Approximations to the distribution of a large quadratic form in normal variables

Date

29 November 2018

Venue

Massey University, New Zealand

 

The 2018 Joint NZSA/ORSNZ Conference

Abstract

Quadratic forms of Gaussian variables occur in a wide range of applications in statistics. They can be expressed as a linear combination of chi-squareds. The coefficients in the linear combination are the eigenvalues \lambda_{1},...,\lambda_n of \Sigma A, where A is the matrix representing the quadratic form and \Sigma is the covariance matrix of the Gaussians.

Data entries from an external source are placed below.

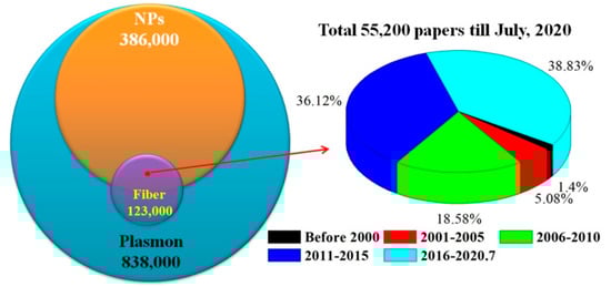 Using “Plasmon,” “Plasmon nanoparticles,” and “Plasmon nanoparticles fiber” as the keywords in Google Scholar, the corresponding number of published papers was compared in Figure 1. Among the reported plasma related articles, 46% were related to NPs. The work on metal NPs modified fiber SPR has been reported since 2000, and almost all the articles (98.6%) have appeared in the last decade.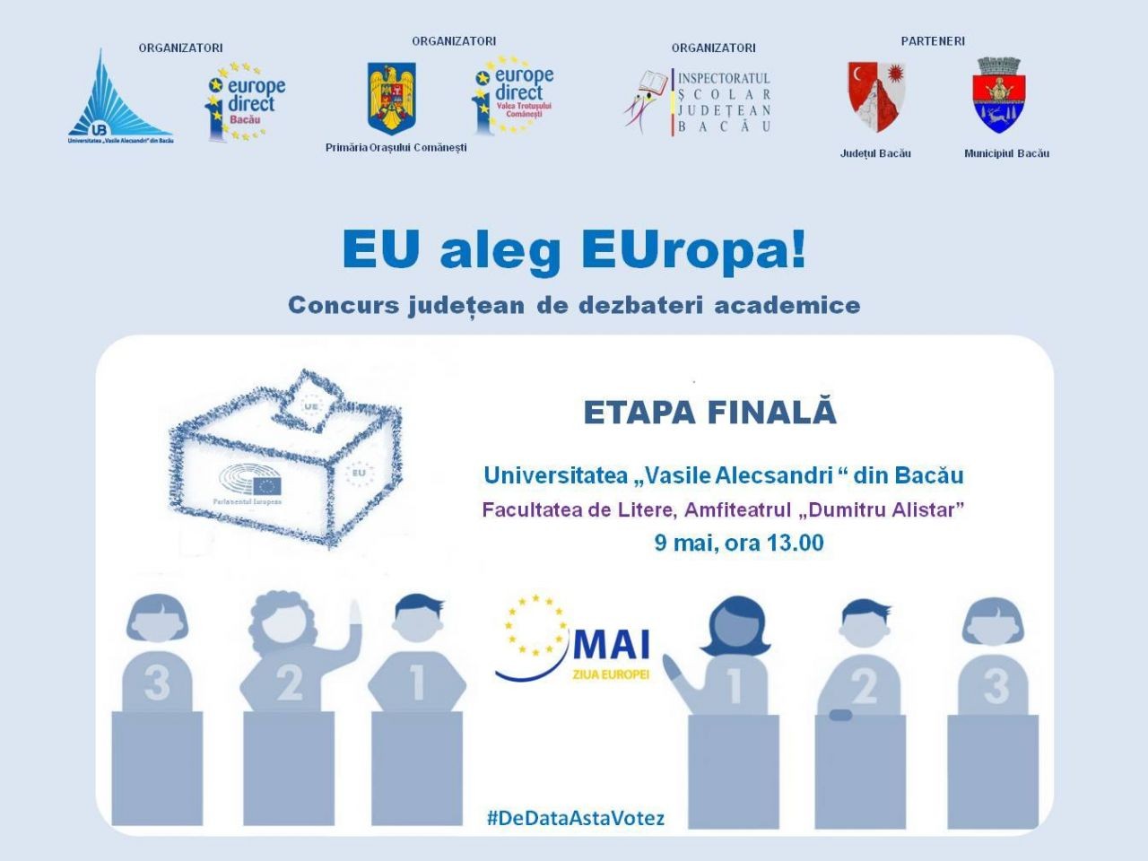 Liceenii băcăuani care au participat la concursul EU ALEG EUROPA!, organizat de Centrele de informare Europe Direct Bacău si Valea Trotușului-Comănești în parteneriat cu Inspectoratul Școlar Județean Bacău, au dat cea mai bună dovadă cât de pregătiți sunt să își asume un rol activ în calitate de cetățeni europeni. Argumentele lor pentru susținerea importanței votului la Alegerile europarlementare 2019 (aparand motiunea "Viitorul UE depinde de votul tinerilor la Alegerile europarlamentare 2019") au fost extrem de puternice și de convingătoare. La finala de pe 9 mai, chiar de Ziua Europei, felicitările au fost binemeritate atât pentru ocupantele locurilor I și II (Colegiul Național "Ferdinand I" Bacău și Colegiul Național "Costache Negri" Târgu-Ocna) cât și pentru celelalte 14 echipe care au luat parte la acest concurs. Puteți urmări finala concursului pe canalul de YouTube, pe linkul  de mai jos.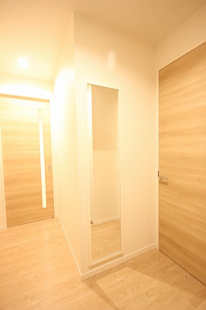 入って向かいの壁には姿見設置済み!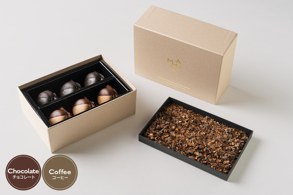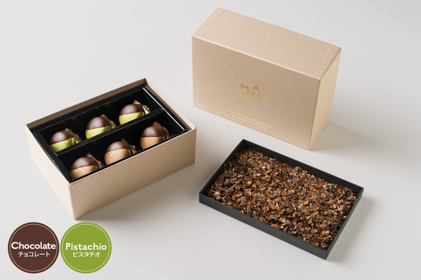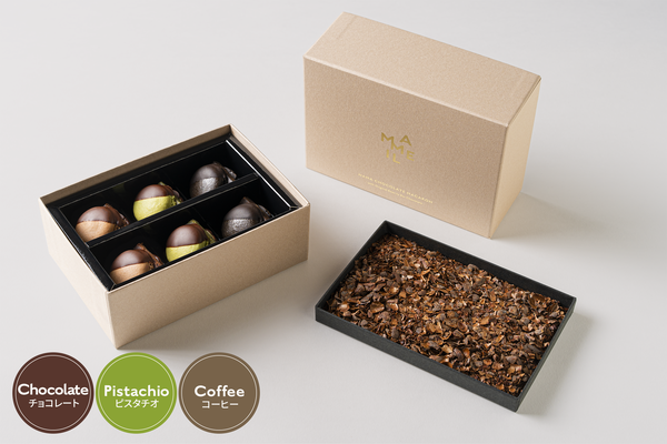 チョコレート2個、ピスタチオ2個、コーヒー2個が入ったセット

The previous literature mostly deals with approximations for small quadratic forms (n<10) and moderate p-values (p>10^{-2}). Motivated by genetic applications, moderate to large quadratic forms (300<n<12,000) and small to very small p-values (p<10^{-4}) are studied. Existing methods are compared under these settings and a leading-eigenvalue approximation, which only takes the largest k eigenvalues, is shown to have the computational advantage without any important loss in accuracy. For time complexity, a leading-eigenvalue approximation reduces the computational complexity from O(n^3) to O(n^2k) on extracting eigenvalues and avoids speed problems with computing the sum of n terms. For accuracy, the existing methods have some limits on calculating small p-values under large quadratic forms. Moment methods are inaccurate for very small p-values, and Farebrother’s method is not usable if the minimum eigenvalue is much smaller than others. Davies’s method is usable for p-values down to machine epsilon. The saddlepoint approximation is proved to have bounded relative error for any A and \Sigma in the extreme right tail, so it is usable for arbitrarily small p-values.